- **EXERCISE REQUIREMENTS**: Output the data below only from the line containing "4月20日,资兴市图书馆,市" up to and including the line containing "No início da", exact and with the pictures left out.

- **DATASET RECORDS**:
=====

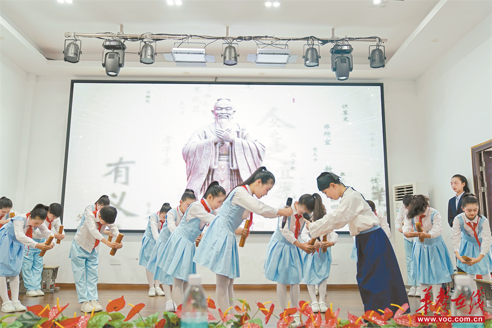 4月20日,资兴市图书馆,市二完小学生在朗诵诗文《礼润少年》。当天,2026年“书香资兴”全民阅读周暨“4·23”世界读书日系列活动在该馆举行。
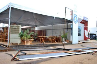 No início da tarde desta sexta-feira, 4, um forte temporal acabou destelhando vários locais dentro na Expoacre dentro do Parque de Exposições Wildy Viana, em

=====

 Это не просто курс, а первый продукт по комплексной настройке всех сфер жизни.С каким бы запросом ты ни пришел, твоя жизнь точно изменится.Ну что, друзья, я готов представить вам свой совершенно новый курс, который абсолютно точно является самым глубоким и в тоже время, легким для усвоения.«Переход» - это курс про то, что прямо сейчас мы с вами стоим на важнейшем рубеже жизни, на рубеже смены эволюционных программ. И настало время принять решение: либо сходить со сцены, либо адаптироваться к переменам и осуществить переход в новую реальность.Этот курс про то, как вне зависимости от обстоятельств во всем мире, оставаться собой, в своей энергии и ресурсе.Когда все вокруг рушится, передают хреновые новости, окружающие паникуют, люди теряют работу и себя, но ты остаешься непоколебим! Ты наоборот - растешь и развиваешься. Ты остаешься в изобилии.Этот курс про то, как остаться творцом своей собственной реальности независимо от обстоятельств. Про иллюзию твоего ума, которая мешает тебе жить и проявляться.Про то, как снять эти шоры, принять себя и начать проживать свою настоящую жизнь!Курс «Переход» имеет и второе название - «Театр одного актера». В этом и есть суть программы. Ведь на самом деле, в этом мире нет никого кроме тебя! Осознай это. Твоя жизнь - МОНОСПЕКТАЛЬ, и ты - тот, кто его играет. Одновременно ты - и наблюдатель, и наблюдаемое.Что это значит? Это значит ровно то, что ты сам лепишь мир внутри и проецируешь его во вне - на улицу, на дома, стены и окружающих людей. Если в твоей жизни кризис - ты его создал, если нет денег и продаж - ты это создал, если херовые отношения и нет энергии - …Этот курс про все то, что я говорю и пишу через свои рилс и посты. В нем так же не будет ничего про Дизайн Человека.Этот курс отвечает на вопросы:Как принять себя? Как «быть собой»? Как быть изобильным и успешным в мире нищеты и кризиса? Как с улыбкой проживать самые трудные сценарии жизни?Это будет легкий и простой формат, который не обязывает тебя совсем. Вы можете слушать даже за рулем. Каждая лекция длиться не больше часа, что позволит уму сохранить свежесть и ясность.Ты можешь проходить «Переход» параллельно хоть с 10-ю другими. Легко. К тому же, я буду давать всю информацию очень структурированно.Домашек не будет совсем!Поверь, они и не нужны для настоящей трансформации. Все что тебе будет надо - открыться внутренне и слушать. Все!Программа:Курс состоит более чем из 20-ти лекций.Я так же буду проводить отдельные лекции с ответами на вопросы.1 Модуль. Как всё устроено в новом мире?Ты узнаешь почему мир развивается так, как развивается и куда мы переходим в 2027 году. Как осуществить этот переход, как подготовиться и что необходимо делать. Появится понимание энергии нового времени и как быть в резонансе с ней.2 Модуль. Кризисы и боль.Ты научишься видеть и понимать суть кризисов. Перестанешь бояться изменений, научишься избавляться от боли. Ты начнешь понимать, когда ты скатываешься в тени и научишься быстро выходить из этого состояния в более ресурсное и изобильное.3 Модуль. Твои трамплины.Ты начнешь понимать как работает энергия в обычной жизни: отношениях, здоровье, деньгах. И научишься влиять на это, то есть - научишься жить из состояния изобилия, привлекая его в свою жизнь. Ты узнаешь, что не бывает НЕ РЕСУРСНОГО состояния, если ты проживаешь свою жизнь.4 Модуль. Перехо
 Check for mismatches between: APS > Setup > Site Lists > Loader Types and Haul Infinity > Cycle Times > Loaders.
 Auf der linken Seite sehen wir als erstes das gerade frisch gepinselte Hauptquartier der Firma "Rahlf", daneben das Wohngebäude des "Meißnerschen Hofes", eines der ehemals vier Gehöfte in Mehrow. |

=====

- **RESULT OF THE TASK**:
 4月20日,资兴市图书馆,市二完小学生在朗诵诗文《礼润少年》。当天,2026年“书香资兴”全民阅读周暨“4·23”世界读书日系列活动在该馆举行。
 No início da tarde desta sexta-feira, 4, um forte temporal acabou destelhando vários locais dentro na Expoacre dentro do Parque de Exposições Wildy Viana, em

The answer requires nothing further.